Patent Application
20150025040
This application claims the benefit of Indian Patent Application No. 2011/CHE/2011, filed Jun. 14, 2011, which is incorporated herein by reference.
The present invention provides a novel crystalline Form of fosamprenavir calcium, process for its preparation and pharmaceutical compositions comprising it. The present invention also provides substantially pure amorphous fosamprenavir calcium, process for its preparation and pharmaceutical compositions comprising it.

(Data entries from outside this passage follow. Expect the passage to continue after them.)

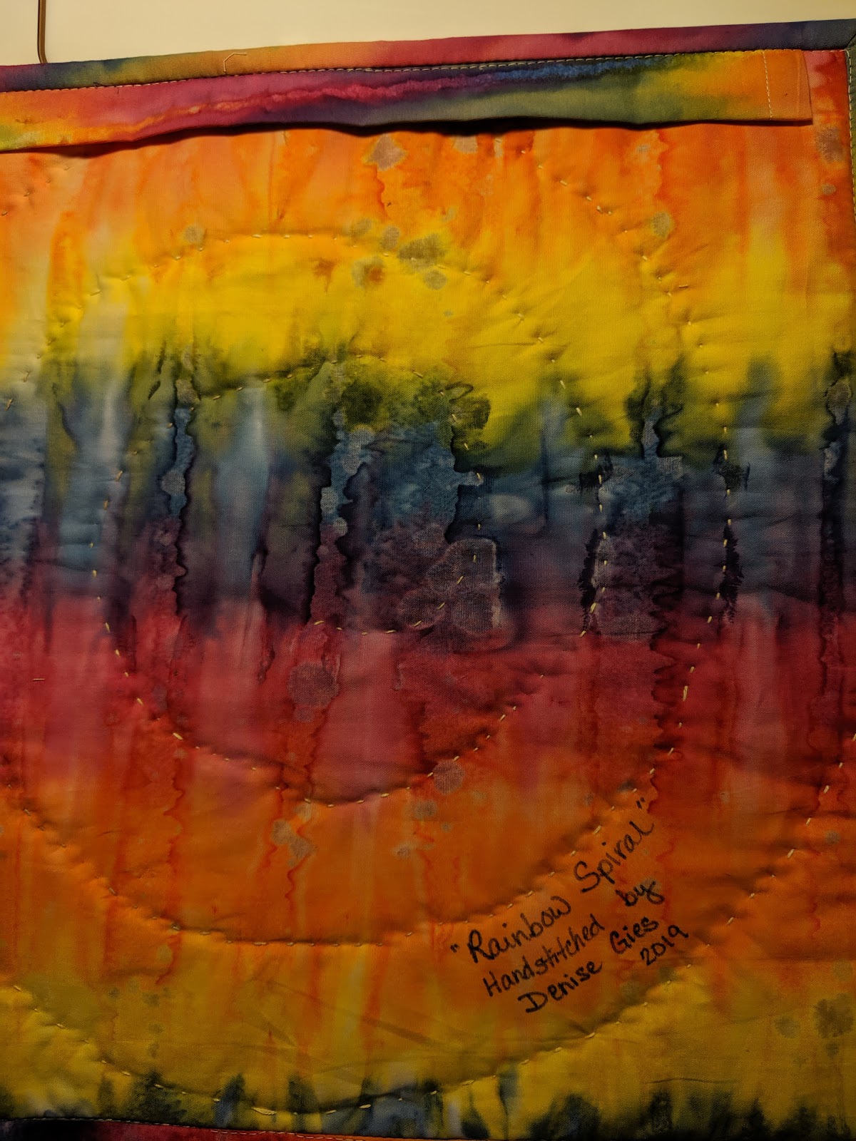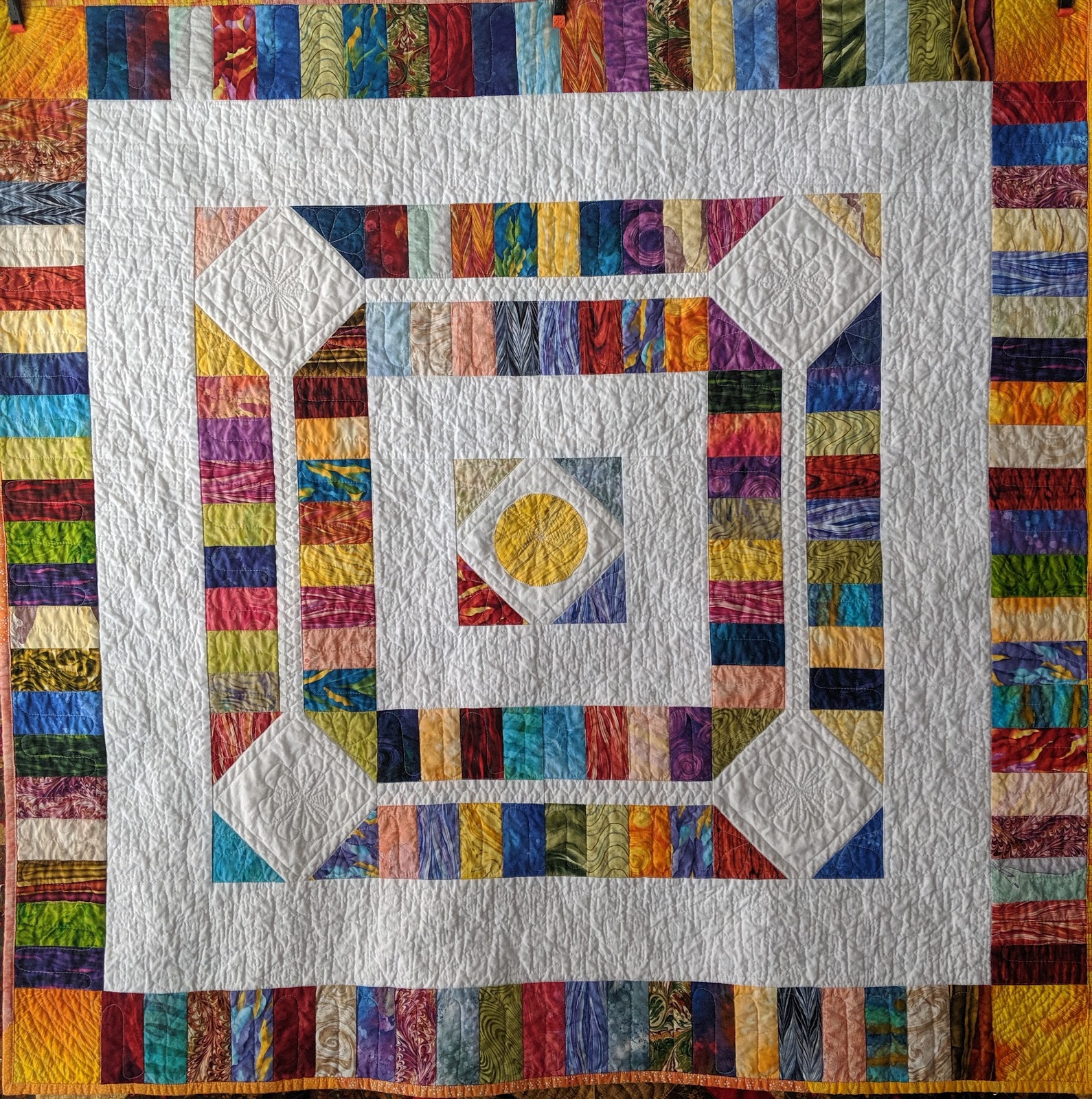 For the Summer project, I used a baggie of tiny corner triangles that were gifted to me from a friend. The colors were perfect! I machine quilted this one because there were so many seams in the pinwheel borders.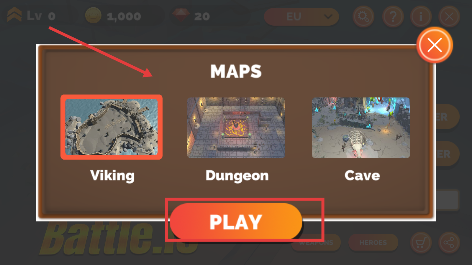 2、進入模式選擇后的地圖界面,有Viking維京、Dungeon地牢等不同風格的地圖可供選擇,選好地圖后點擊PLAY按鈕,即可進入對應地圖開始游戲。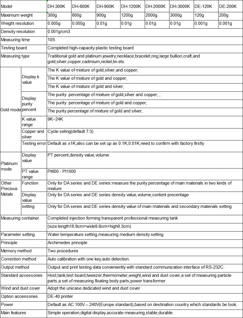 e)Multi-function;the purity of other precious metals can be measured.such as tin,copper,silver.etc.also it can be used as precision balance.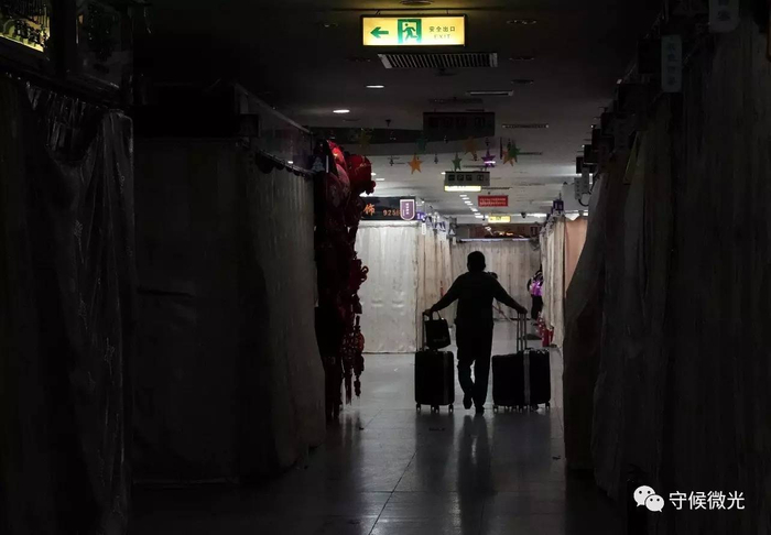 8月27日,天意新商城,市场关门时间已到,一位扫货的顾客拖着箱子寻找出口。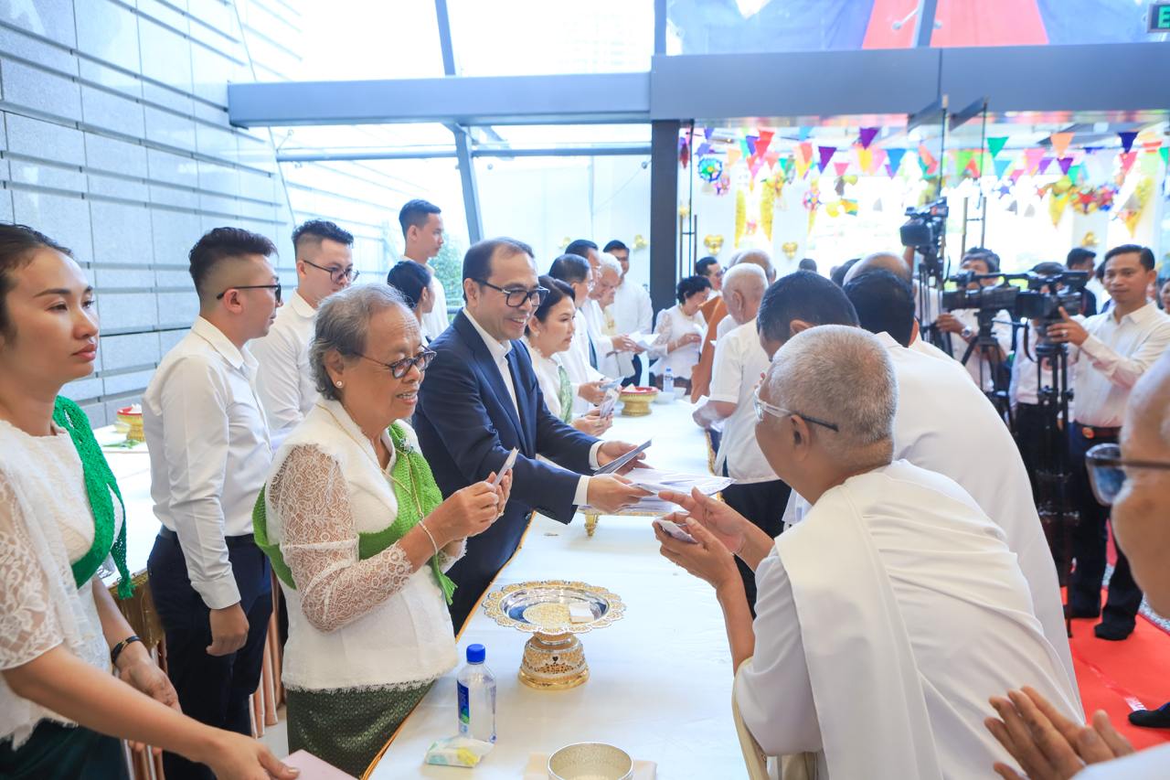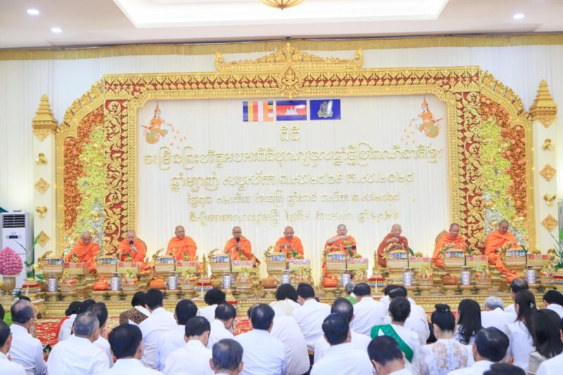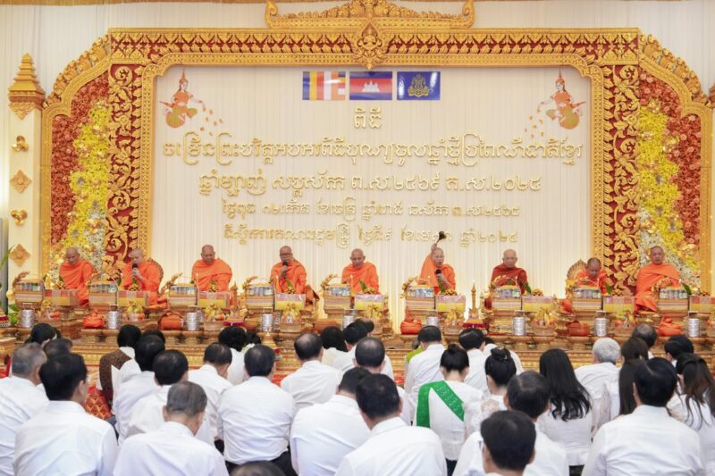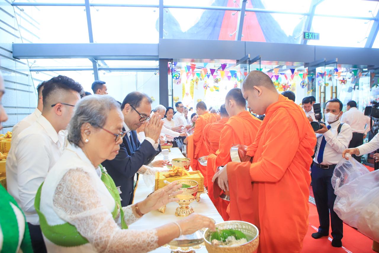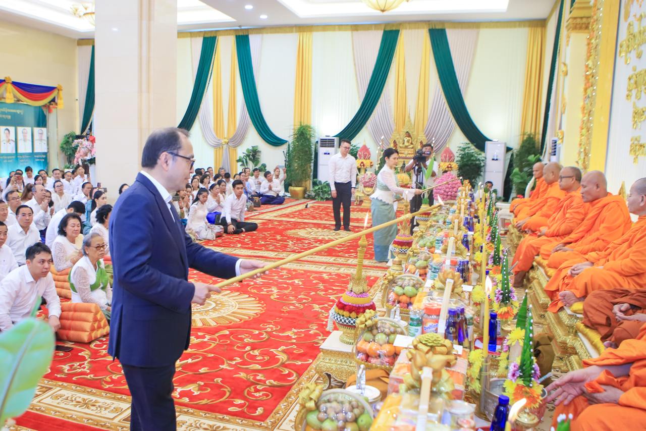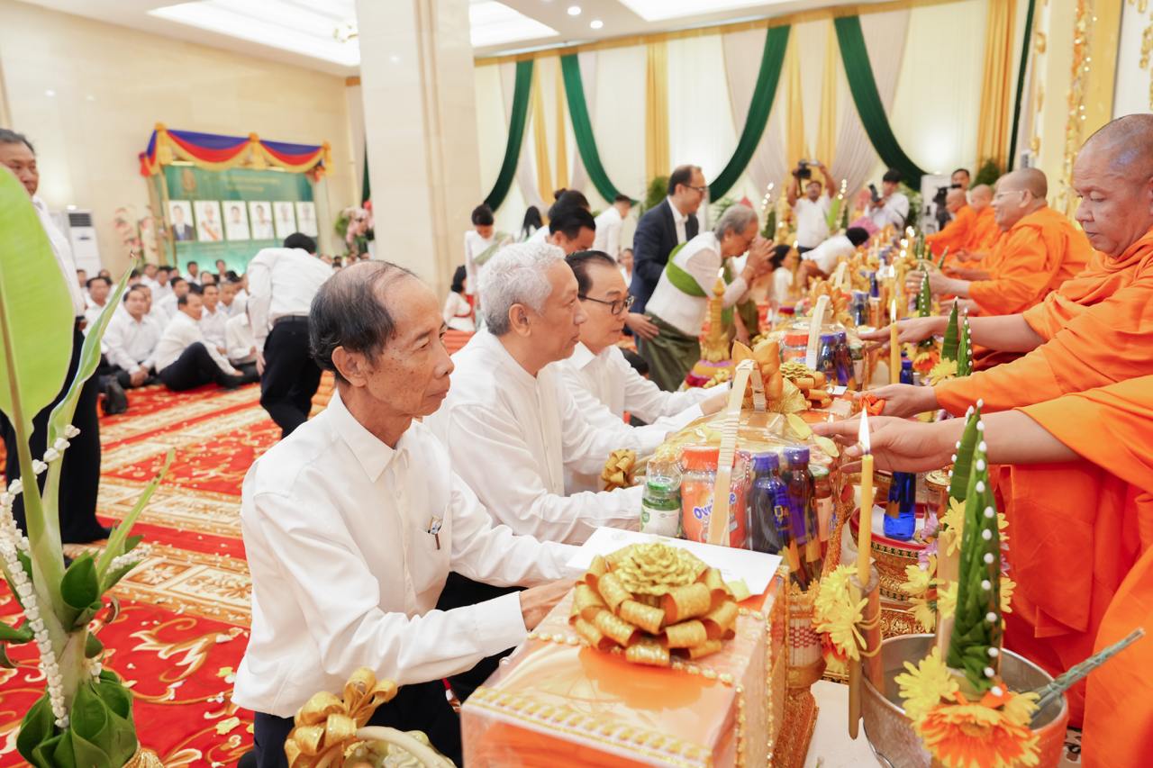 នៅក្នុងពិធីនេះ ក៏មានការយាងនិមន្តប្រោះព្រំពីសម្តេចព្រះរាជាគណៈ និងមន្រ្តីសង្ឃចំនួន ៩អង្គ និងរាប់បាត្រប្រគេនព្រះសង្ឃចំនួន ៦២អង្គ ដើម្បីអបអរសាទរពិធីបុណ្យចូលឆ្នាំថ្មីប្រពៃណីជាតិ ឆ្នាំម្សាញ់ សប្តស័ក ព.ស.២៥៦៩ ដែលនឹងឈានមកដល់នាពេលខាងមុខនេះ និងដើម្បីបង្សុកូលជូនដល់វិញ្ញាណក្ខន្ធថា្នក់ដឹកនាំទីស្តីការគណៈរដ្ឋមន្រ្តី រួមមាន ឯកឧត្តម អ៊ុង ផន, សម្តេចវិបុលបញ្ញា សុខ អាន និង សម្តេចចៅហ្វាវាំង វរវៀងជ័យ អធិបតីស្រឹង្គារ គង់ សំអុល ព្រមទាំងថ្នាក់ដឹកនាំ និងមន្ត្រីរាជការទាំងអស់ ដែលមានស្នាដៃចំពោះទីស្តីការគណៈរដ្ឋមន្រ្តី ហើយបានបូជាអាយុជីវិត ដើម្បីបុព្វហេតុជាតិមាតុភូមិ។ ព្រមជាមួយនោះ ព្រះសង្ឃទ្រង់បានស្វាធ្យាយសត្តប្បករុណាភិធម្ម បង្សុកូល ជាកិច្ចឧទ្ទិសកុសល ផលបុណ្យជូនវិញ្ញាណក្ខន្ធបុព្វការីជន មាតាបិតា ជីដូនជីតា និងញាតកាទាំង៧សន្ដាន ដែលបានចែកឋានទៅកាន់បរលោកខាងមុខ សូមវិញ្ញាណក្ខន្ធអ្នកទាំងអស់ បានទៅសោយសុខក្នុងឋានសុគតិភព កុំបីឃ្លៀងឃ្លាតឡើយ។

Fosamprenavir calcium is chemically, (3S)-tetrahydrofuran-3-yl (1S,2R)-3-[[(4-aminophenyl)sulfonyl](isobutypamino]-1-benzyl-2-(phosphonooxy)propylcarbamate monocalcium salt and has the structural formula:
Fosamprenavir calcium is a prodrug of amprenavir, an inhibitor of HIV protease. It is useful in combination with other antiretroviral agents for the treatment of human immunodeficiency virus (HIV-1) infection. Fosamprenavir calcium is currently marketed under the trade name LEXIVA® by VIIV HLTHCARE.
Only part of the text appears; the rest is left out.